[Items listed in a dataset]
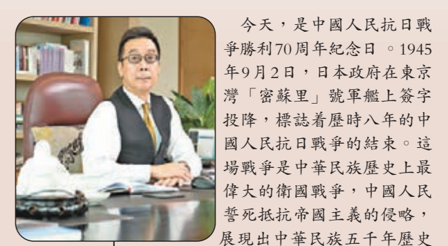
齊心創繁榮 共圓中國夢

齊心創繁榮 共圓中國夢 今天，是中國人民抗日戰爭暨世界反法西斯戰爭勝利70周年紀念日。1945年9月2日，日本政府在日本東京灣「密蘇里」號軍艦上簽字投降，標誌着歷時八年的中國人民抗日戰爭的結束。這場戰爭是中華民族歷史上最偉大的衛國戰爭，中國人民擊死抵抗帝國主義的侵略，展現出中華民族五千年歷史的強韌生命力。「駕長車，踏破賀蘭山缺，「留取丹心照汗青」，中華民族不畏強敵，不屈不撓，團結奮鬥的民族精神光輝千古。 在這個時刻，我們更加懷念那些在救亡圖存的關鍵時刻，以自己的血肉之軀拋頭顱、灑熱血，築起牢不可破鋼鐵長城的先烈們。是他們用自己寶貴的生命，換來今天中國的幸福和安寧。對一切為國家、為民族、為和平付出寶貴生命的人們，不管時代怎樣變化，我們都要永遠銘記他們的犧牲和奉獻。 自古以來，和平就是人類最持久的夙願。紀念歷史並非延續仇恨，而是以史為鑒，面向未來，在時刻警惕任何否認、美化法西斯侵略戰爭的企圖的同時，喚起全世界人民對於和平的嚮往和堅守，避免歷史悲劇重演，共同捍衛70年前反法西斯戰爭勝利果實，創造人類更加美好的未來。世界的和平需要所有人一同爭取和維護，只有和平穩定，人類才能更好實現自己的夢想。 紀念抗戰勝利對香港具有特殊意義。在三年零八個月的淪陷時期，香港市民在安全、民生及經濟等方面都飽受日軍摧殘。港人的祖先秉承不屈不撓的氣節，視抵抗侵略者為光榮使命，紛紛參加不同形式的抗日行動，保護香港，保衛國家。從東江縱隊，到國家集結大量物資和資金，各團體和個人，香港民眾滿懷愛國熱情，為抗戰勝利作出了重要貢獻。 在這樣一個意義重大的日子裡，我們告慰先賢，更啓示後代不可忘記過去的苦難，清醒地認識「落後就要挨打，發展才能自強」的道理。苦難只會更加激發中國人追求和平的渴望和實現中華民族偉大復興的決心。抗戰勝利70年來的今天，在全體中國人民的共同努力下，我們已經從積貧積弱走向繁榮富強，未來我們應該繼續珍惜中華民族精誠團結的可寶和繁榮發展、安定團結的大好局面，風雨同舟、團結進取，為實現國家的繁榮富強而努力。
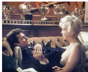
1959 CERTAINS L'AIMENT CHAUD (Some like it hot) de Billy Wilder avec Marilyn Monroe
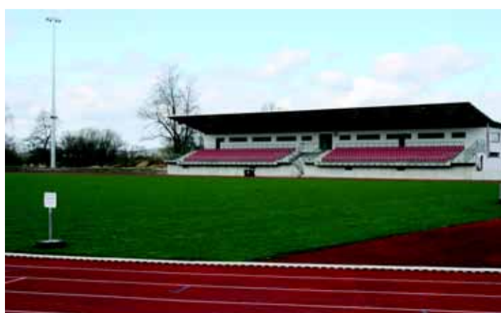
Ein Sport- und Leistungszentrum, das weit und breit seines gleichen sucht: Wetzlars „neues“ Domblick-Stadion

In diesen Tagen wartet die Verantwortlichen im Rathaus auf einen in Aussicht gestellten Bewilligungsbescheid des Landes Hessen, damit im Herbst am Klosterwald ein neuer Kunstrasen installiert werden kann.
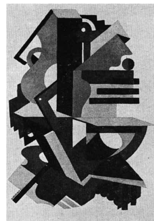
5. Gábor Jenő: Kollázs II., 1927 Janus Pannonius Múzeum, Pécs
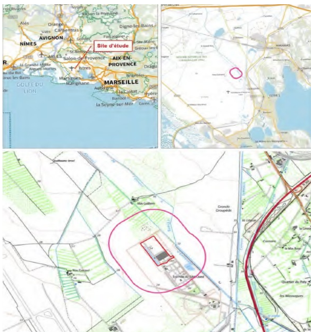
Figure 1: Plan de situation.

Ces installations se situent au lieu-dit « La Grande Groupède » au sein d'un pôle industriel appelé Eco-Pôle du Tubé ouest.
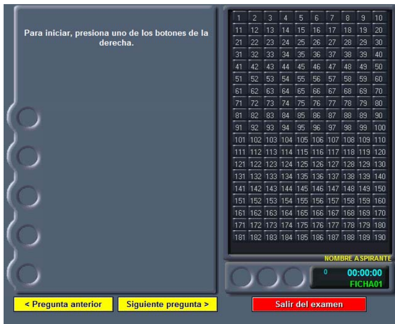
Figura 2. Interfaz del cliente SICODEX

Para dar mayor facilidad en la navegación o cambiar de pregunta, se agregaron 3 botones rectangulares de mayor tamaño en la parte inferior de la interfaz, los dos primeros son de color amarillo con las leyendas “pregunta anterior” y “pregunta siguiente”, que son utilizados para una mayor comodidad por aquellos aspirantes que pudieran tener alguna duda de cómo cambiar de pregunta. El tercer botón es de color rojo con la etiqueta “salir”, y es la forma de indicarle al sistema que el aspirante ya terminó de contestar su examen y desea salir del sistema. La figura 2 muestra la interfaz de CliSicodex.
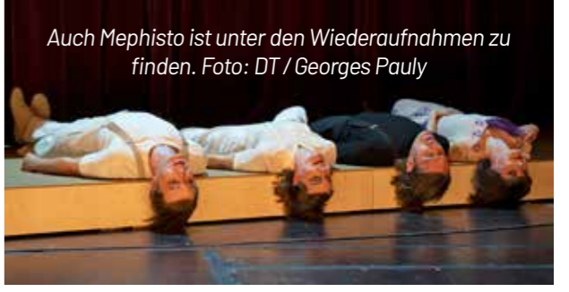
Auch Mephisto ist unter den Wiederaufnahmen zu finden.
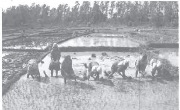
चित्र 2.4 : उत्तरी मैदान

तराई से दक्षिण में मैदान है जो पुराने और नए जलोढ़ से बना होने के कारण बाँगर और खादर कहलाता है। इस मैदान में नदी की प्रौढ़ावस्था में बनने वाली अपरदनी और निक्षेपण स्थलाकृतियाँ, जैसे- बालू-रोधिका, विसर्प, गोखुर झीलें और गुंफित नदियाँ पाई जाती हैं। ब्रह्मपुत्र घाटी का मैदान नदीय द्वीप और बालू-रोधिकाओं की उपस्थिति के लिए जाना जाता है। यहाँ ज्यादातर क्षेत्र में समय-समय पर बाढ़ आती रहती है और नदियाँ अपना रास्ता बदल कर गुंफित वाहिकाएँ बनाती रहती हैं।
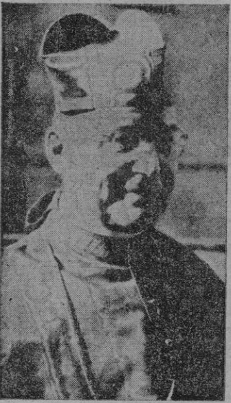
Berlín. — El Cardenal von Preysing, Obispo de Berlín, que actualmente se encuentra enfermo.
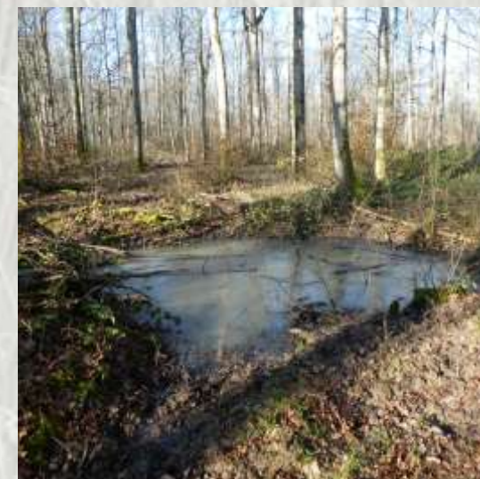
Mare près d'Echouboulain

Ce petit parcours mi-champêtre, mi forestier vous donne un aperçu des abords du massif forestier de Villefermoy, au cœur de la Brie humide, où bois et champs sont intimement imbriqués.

§ Requirement:
The entries are to be restated word for word, with pictures omitted.

§ Solved exercise:
齊心創繁榮 共圓中國夢

齊心創繁榮 共圓中國夢 今天，是中國人民抗日戰爭暨世界反法西斯戰爭勝利70周年紀念日。1945年9月2日，日本政府在日本東京灣「密蘇里」號軍艦上簽字投降，標誌着歷時八年的中國人民抗日戰爭的結束。這場戰爭是中華民族歷史上最偉大的衛國戰爭，中國人民擊死抵抗帝國主義的侵略，展現出中華民族五千年歷史的強韌生命力。「駕長車，踏破賀蘭山缺，「留取丹心照汗青」，中華民族不畏強敵，不屈不撓，團結奮鬥的民族精神光輝千古。 在這個時刻，我們更加懷念那些在救亡圖存的關鍵時刻，以自己的血肉之軀拋頭顱、灑熱血，築起牢不可破鋼鐵長城的先烈們。是他們用自己寶貴的生命，換來今天中國的幸福和安寧。對一切為國家、為民族、為和平付出寶貴生命的人們，不管時代怎樣變化，我們都要永遠銘記他們的犧牲和奉獻。 自古以來，和平就是人類最持久的夙願。紀念歷史並非延續仇恨，而是以史為鑒，面向未來，在時刻警惕任何否認、美化法西斯侵略戰爭的企圖的同時，喚起全世界人民對於和平的嚮往和堅守，避免歷史悲劇重演，共同捍衛70年前反法西斯戰爭勝利果實，創造人類更加美好的未來。世界的和平需要所有人一同爭取和維護，只有和平穩定，人類才能更好實現自己的夢想。 紀念抗戰勝利對香港具有特殊意義。在三年零八個月的淪陷時期，香港市民在安全、民生及經濟等方面都飽受日軍摧殘。港人的祖先秉承不屈不撓的氣節，視抵抗侵略者為光榮使命，紛紛參加不同形式的抗日行動，保護香港，保衛國家。從東江縱隊，到國家集結大量物資和資金，各團體和個人，香港民眾滿懷愛國熱情，為抗戰勝利作出了重要貢獻。 在這樣一個意義重大的日子裡，我們告慰先賢，更啓示後代不可忘記過去的苦難，清醒地認識「落後就要挨打，發展才能自強」的道理。苦難只會更加激發中國人追求和平的渴望和實現中華民族偉大復興的決心。抗戰勝利70年來的今天，在全體中國人民的共同努力下，我們已經從積貧積弱走向繁榮富強，未來我們應該繼續珍惜中華民族精誠團結的可寶和繁榮發展、安定團結的大好局面，風雨同舟、團結進取，為實現國家的繁榮富強而努力。
1959 CERTAINS L'AIMENT CHAUD (Some like it hot) de Billy Wilder avec Marilyn Monroe
Ein Sport- und Leistungszentrum, das weit und breit seines gleichen sucht: Wetzlars „neues“ Domblick-Stadion

In diesen Tagen wartet die Verantwortlichen im Rathaus auf einen in Aussicht gestellten Bewilligungsbescheid des Landes Hessen, damit im Herbst am Klosterwald ein neuer Kunstrasen installiert werden kann.
5. Gábor Jenő: Kollázs II., 1927 Janus Pannonius Múzeum, Pécs
Figure 1: Plan de situation.

Ces installations se situent au lieu-dit « La Grande Groupède » au sein d'un pôle industriel appelé Eco-Pôle du Tubé ouest.
Figura 2. Interfaz del cliente SICODEX

Para dar mayor facilidad en la navegación o cambiar de pregunta, se agregaron 3 botones rectangulares de mayor tamaño en la parte inferior de la interfaz, los dos primeros son de color amarillo con las leyendas “pregunta anterior” y “pregunta siguiente”, que son utilizados para una mayor comodidad por aquellos aspirantes que pudieran tener alguna duda de cómo cambiar de pregunta. El tercer botón es de color rojo con la etiqueta “salir”, y es la forma de indicarle al sistema que el aspirante ya terminó de contestar su examen y desea salir del sistema. La figura 2 muestra la interfaz de CliSicodex.
Auch Mephisto ist unter den Wiederaufnahmen zu finden.
चित्र 2.4 : उत्तरी मैदान

तराई से दक्षिण में मैदान है जो पुराने और नए जलोढ़ से बना होने के कारण बाँगर और खादर कहलाता है। इस मैदान में नदी की प्रौढ़ावस्था में बनने वाली अपरदनी और निक्षेपण स्थलाकृतियाँ, जैसे- बालू-रोधिका, विसर्प, गोखुर झीलें और गुंफित नदियाँ पाई जाती हैं। ब्रह्मपुत्र घाटी का मैदान नदीय द्वीप और बालू-रोधिकाओं की उपस्थिति के लिए जाना जाता है। यहाँ ज्यादातर क्षेत्र में समय-समय पर बाढ़ आती रहती है और नदियाँ अपना रास्ता बदल कर गुंफित वाहिकाएँ बनाती रहती हैं।
Berlín. — El Cardenal von Preysing, Obispo de Berlín, que actualmente se encuentra enfermo.
Mare près d'Echouboulain

Ce petit parcours mi-champêtre, mi forestier vous donne un aperçu des abords du massif forestier de Villefermoy, au cœur de la Brie humide, où bois et champs sont intimement imbriqués.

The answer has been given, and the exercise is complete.